This eccentric epistle raised a smile among the lawyers, but Shagarach was busily occupied drafting a verbatim copy while Hodgkins continued his plea.
"I was remarking," he repeated, one of his favorite introductory formulae, "that upon receiving this request I made haste to indite a favorable response, as I felt bound in duty and honor——"
"And the prospect of pickings," added Shagarach, sotto voce, still copying the letter. The senior member glared.
"It is needless to relate the unfortunate circumstance, in which Brother Shagarach's client is so deeply implicated, which has relieved me of this welcome if laborious trust. The will under which I was to serve in the capacity of executor has been destroyed—destroyed, presumably, by the party whose hopes of a fortune is cut off, and we stand here to-day facing the same status which existed up to six weeks ago. I say the same—I am in error. There is an important, a melancholy difference. Six weeks ago my friend's nephew was not an accused and all but a convicted murderer."
Hodgkins paused, as if expecting a rejoinder from Shagarach, but the latter appeared profoundly absorbed in a telegram which Jacob had just brought him.
"The property now stands in no man's name. There is no person to whom its dividends, its rents, its interest, constantly becoming due, can safely be paid. Under the laws of descent its title vests equally in the heirs-at-law, the nephews of the deceased. But there is need of an administration, in order that the two shares may be apportioned in a satisfactory manner. I need not again allude to the circumstance which renders a joint administration improper and impossible, the circumstance which explains the absence of Brother Shagarach's client——"
"I do not see Brother Hodgkins' client in the courtroom," Shagarach retorted to this sarcasm. As he spoke his eye fell on Mrs. Arnold's haughty face.

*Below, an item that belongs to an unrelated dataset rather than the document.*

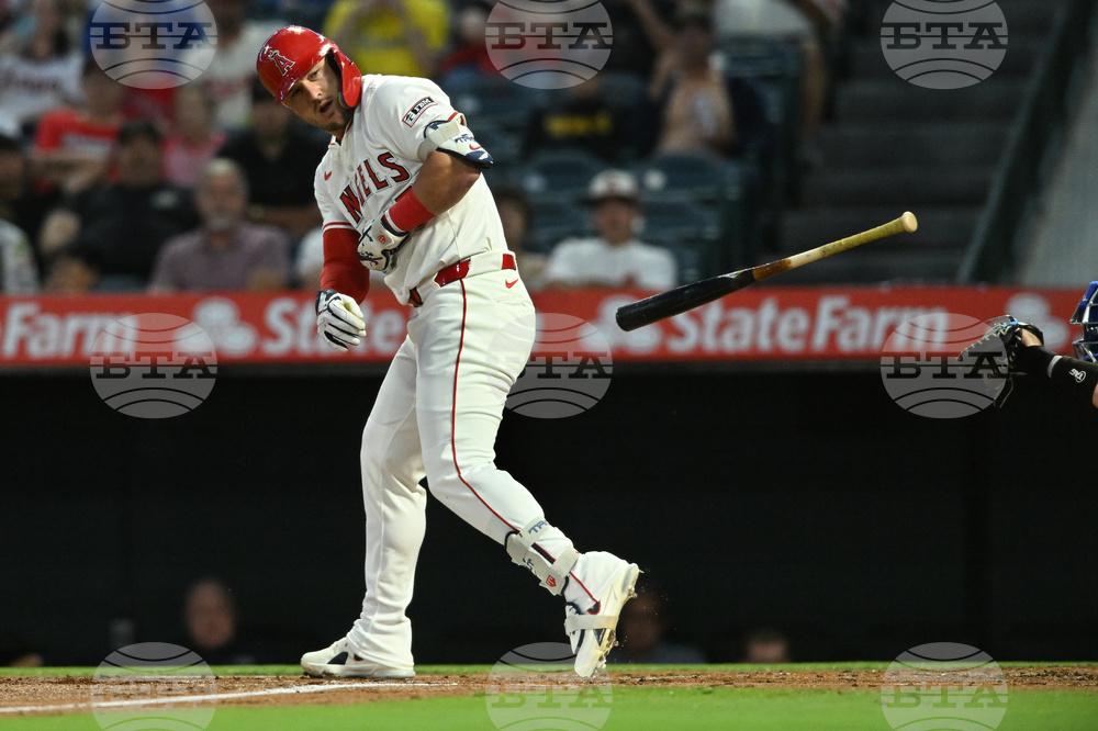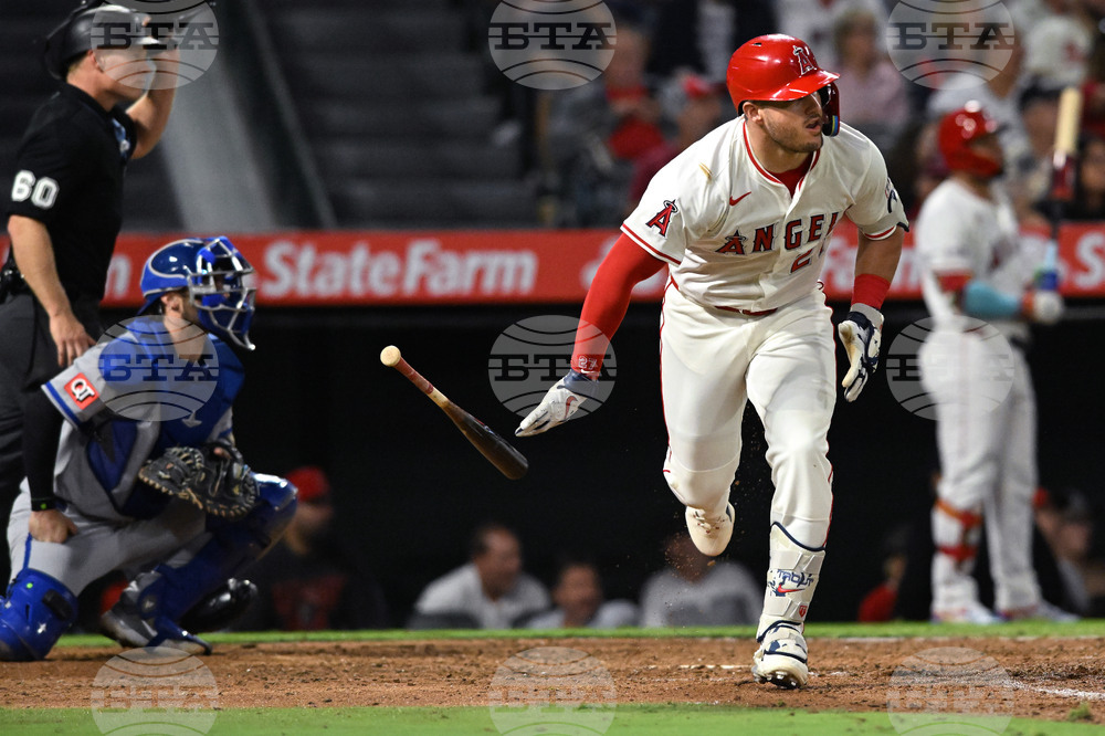 Los Angeles Angels' Mike Trout throws his bat as he walks to first base but is called for a third strike against he Kansas City Royals during the first inning of a baseball game Thursday, Sept. 25, 2025, in Anaheim, Calif. (AP Photo/Wally Skalij)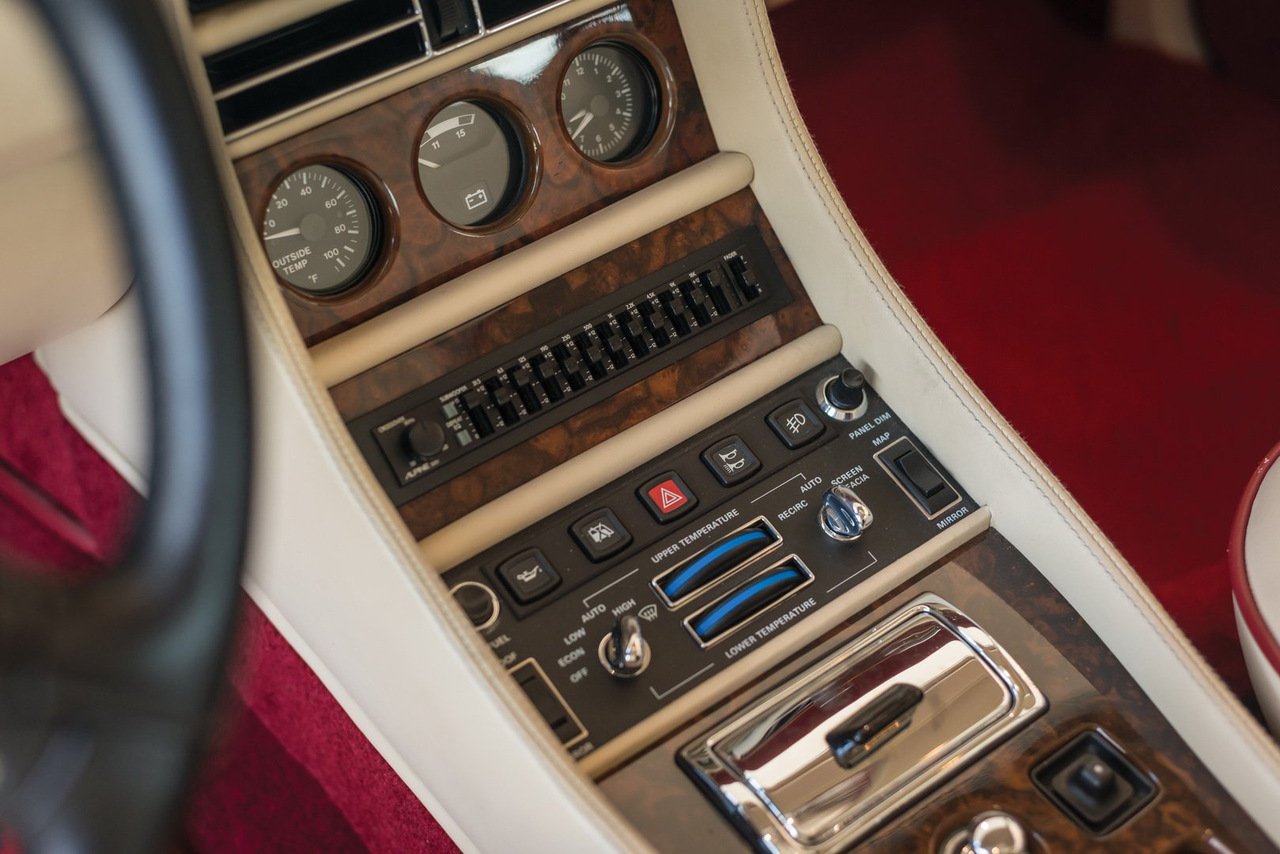 Этот экземпляр — один из двух выпущенных с левым рулем. Его кузов сделан из алюминия и окрашен в ярко-красный цвет Tudor Red с интерьером цвета магнолии.

"It is certain, however, that he is not occupying a felon's cell," answered Hodgkins. "Briefly, your honor, there is only one course open. An administrator is urgently needed for this immense estate. In the absence of a will, the heirs-at-law, being of age, would naturally be selected, but under the circumstances I respectfully suggest that the younger of the two nephews is debarred and that your honor's choice should fall upon the elder, a college graduate, a young man who moves in the highest social circles, and who has not, I believe, the honor of an acquaintance with the inmates and turnkeys of the state prison."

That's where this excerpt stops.